§ Required action
Please, starting at the line that contains "従来のオールテレーンクレーン", reproduce every line exactly until the records run out, skipping all pictures.

§ Data records
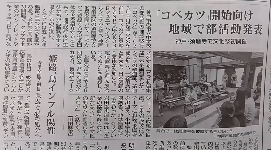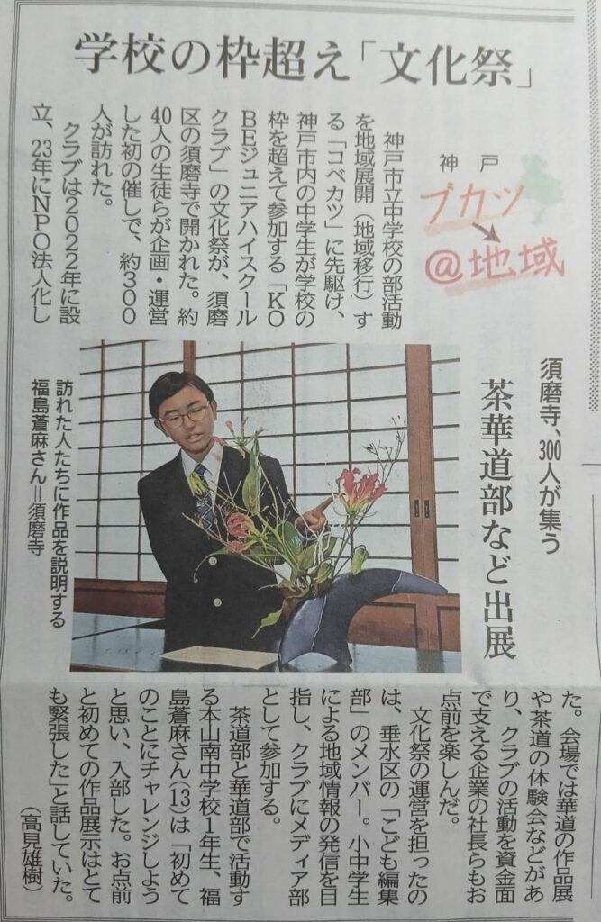活動報告 地域で行う、こども達主体の文化祭の取材に感謝❣ 『神戸新聞』『毎日新聞』 KOBE J.H.S.C 事務局 2025年12月20日 神戸市立中学校の部活動を地域展開(地域移行)に先駆け、神戸市内の中学生が学校の枠を超えて参加する「KOBEジュニアハイスクールクラブ」の文化祭が、須磨区の須磨寺で開かれた。約40人の生徒が企画・運営した初の催しで、約300人が訪れた。(神戸新聞)
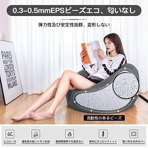 【自由にスタイルを作り、ゆったりと寛ぎます】:ビーズクッションはエコで健康的な直径0.3-0.5mmのEPSビーズで充填されています。極小のビーズは流動性と弾力性があります。座ると背中をしっかりと支え、体にピッタリフィットします。体をリラックスさせ、疲労を和らげることができます! 本を読んだり、テレビを見たり、パソコンで勤務したり、スマートフォンを弄ったり、寝転がったり、好きなように使えます。
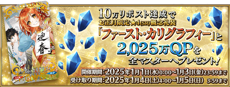 公式X(Twitter)にて、2025年1月1日(水)・2日(木)・3日(金)の各日0時に投稿される「2025年お正月キャンペーン開催!」ポストのリポスト数が、下記の期間内で合計10万リポストを達成すると、ゲームをプレイしているすべてのマスターに概念礼装「★4(SR)ファースト・カリグラフィー」と2,025万QPをプレゼント!
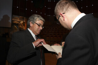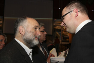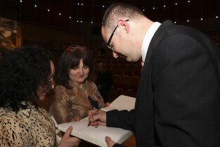 Uroczystość 10-lecia Prezydentury Pawła Adamowicza. Gdańsk, Filharmonia Bałtycka. Nz. Paweł Adamowicz wpisuje dedykację Krzysztofowi Skibie dedykację do swojej książki "Gdańsk jako wyzwanie"
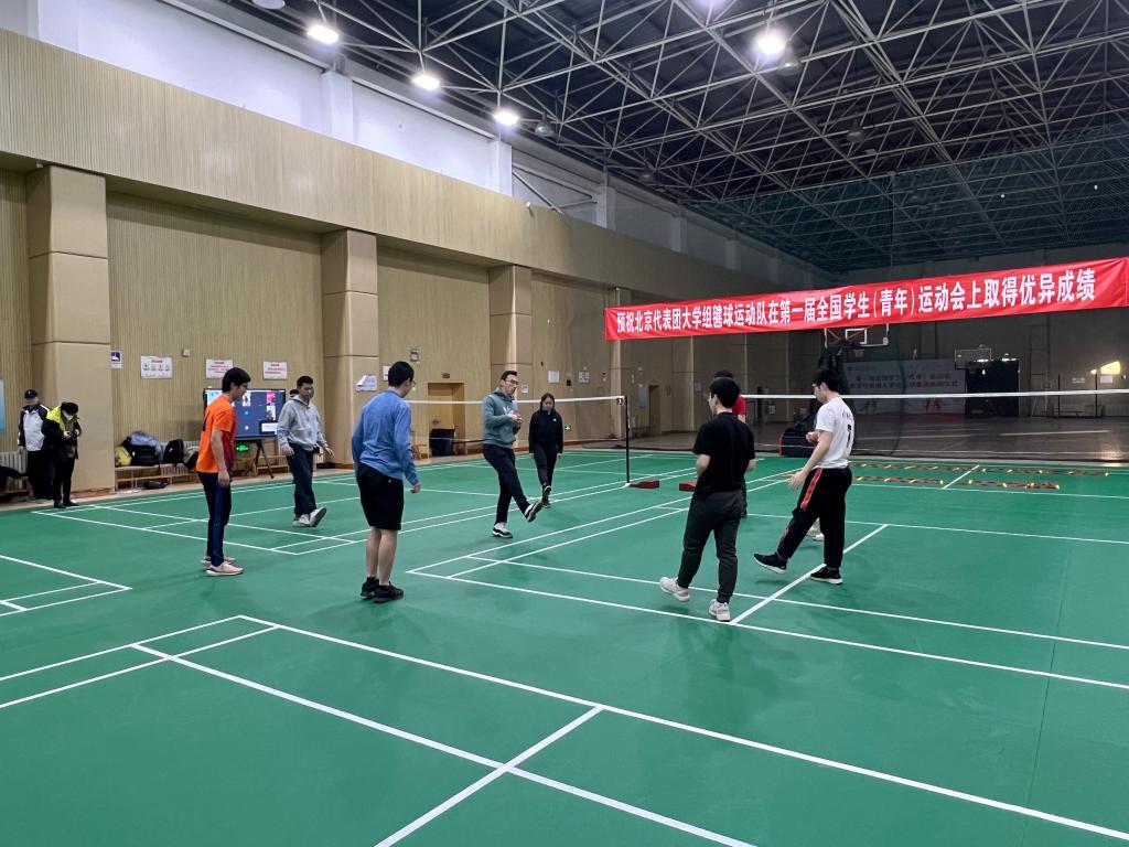 2023年1月9日,第一届全国学生(青年)运动会北京代表团毽球队首期队员集训在我校体育训练馆正式开始,共有来自清华大学、北京大学、首都体院、首都经贸、北京信息科技大学、北京城市学院、中国矿业大学(北京)7所高校21名运动员参加线下训练,40余名运动员线上参加训练。北京市大学生体育协会竞赛部主任刘铮、北京市大学生体育协会毽绳分会主席张世忠、北京市大学生体育协会毽绳分会秘书长赵东生、我校体育教研部主任、本届毽球队领队杨三军现场观看训练并指导,体育教研部综合办主任、竞赛主管曾丽君、竞赛负责人吴岩陪同。
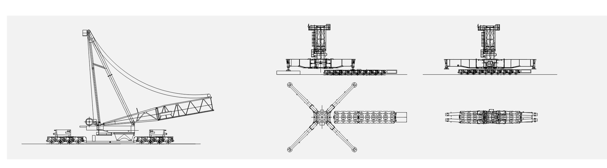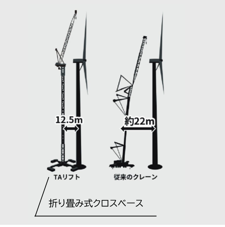 従来のオールテレーンクレーン(※1)の最小作業半径は約22m程度ですが、風車建設用タワークレーン「JCW1250」は、12.5mでの作業半径が標準となるため、サイト面積(※2)を削減することができます。また、折り畳み式クロスベース(※3)を採用し、基礎工事が不要となることに加え、風車間移動の際にはクロスベースを分解せずに輸送できる構造となっております。最大吊能力は95トン、最大作業高さは130mとなり、これまでの国内最高風車よりも高く吊り上げが可能となります。
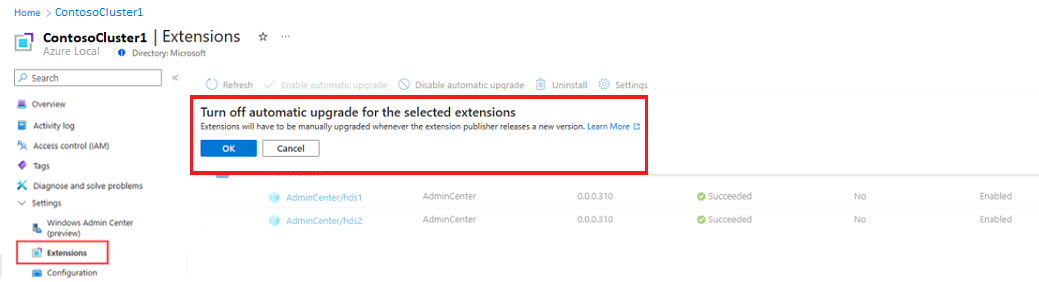 È possibile disabilitare gli aggiornamenti automatici per determinate estensioni nel portale di Azure. Per disabilitare gli aggiornamenti automatici, passare alla pagina Estensioni ed eseguire questa procedura:
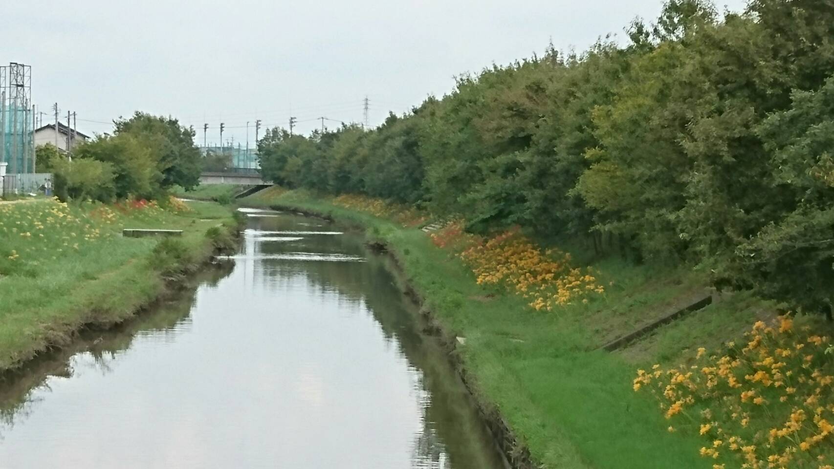 稗田川に架かる「小橋」「法響橋」「中学橋」「吉野橋」あたりで彼岸花が見られます。
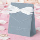 Uma simples caixa de favores moderna em um azul macio e empoeirado que se coordena perfeitamente com a suíte de casamento Watercolor Tropical Beach Palm Trees.
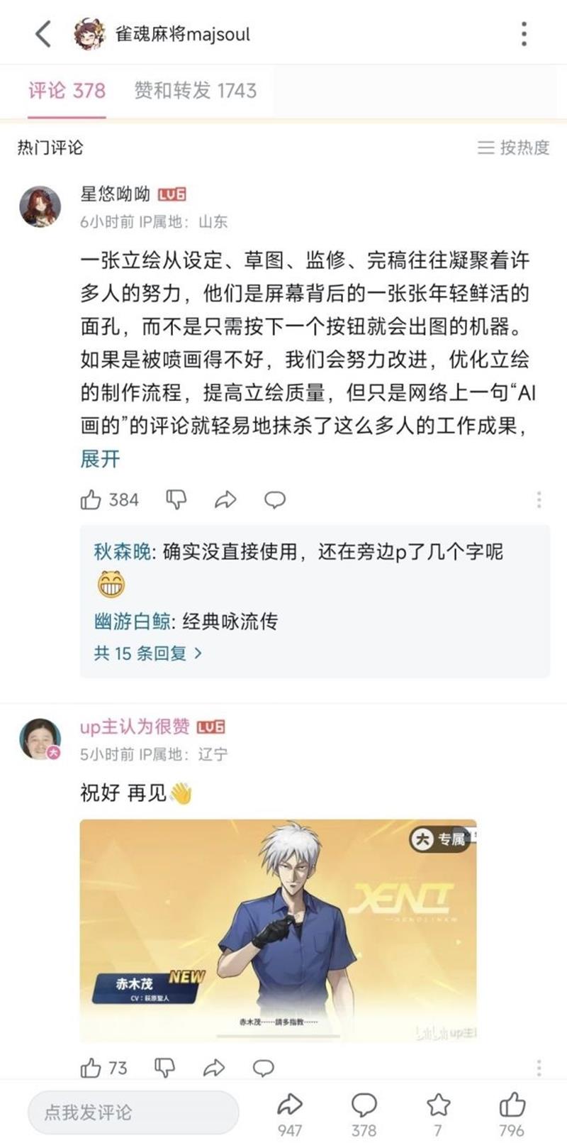 这使得《雀魂麻将》的六指海报事件在对比之下受到了更多的调侃和批评,许多玩家在评论区复读此前对《雀魂麻将》AI作画的否定言论,并晒出《麻雀一番街》的活动截图,进一步加剧了《雀魂麻将》的舆论压力。

§ Output
 従来のオールテレーンクレーン(※1)の最小作業半径は約22m程度ですが、風車建設用タワークレーン「JCW1250」は、12.5mでの作業半径が標準となるため、サイト面積(※2)を削減することができます。また、折り畳み式クロスベース(※3)を採用し、基礎工事が不要となることに加え、風車間移動の際にはクロスベースを分解せずに輸送できる構造となっております。最大吊能力は95トン、最大作業高さは130mとなり、これまでの国内最高風車よりも高く吊り上げが可能となります。
 È possibile disabilitare gli aggiornamenti automatici per determinate estensioni nel portale di Azure. Per disabilitare gli aggiornamenti automatici, passare alla pagina Estensioni ed eseguire questa procedura:
 稗田川に架かる「小橋」「法響橋」「中学橋」「吉野橋」あたりで彼岸花が見られます。
 Uma simples caixa de favores moderna em um azul macio e empoeirado que se coordena perfeitamente com a suíte de casamento Watercolor Tropical Beach Palm Trees.
 这使得《雀魂麻将》的六指海报事件在对比之下受到了更多的调侃和批评,许多玩家在评论区复读此前对《雀魂麻将》AI作画的否定言论,并晒出《麻雀一番街》的活动截图,进一步加剧了《雀魂麻将》的舆论压力。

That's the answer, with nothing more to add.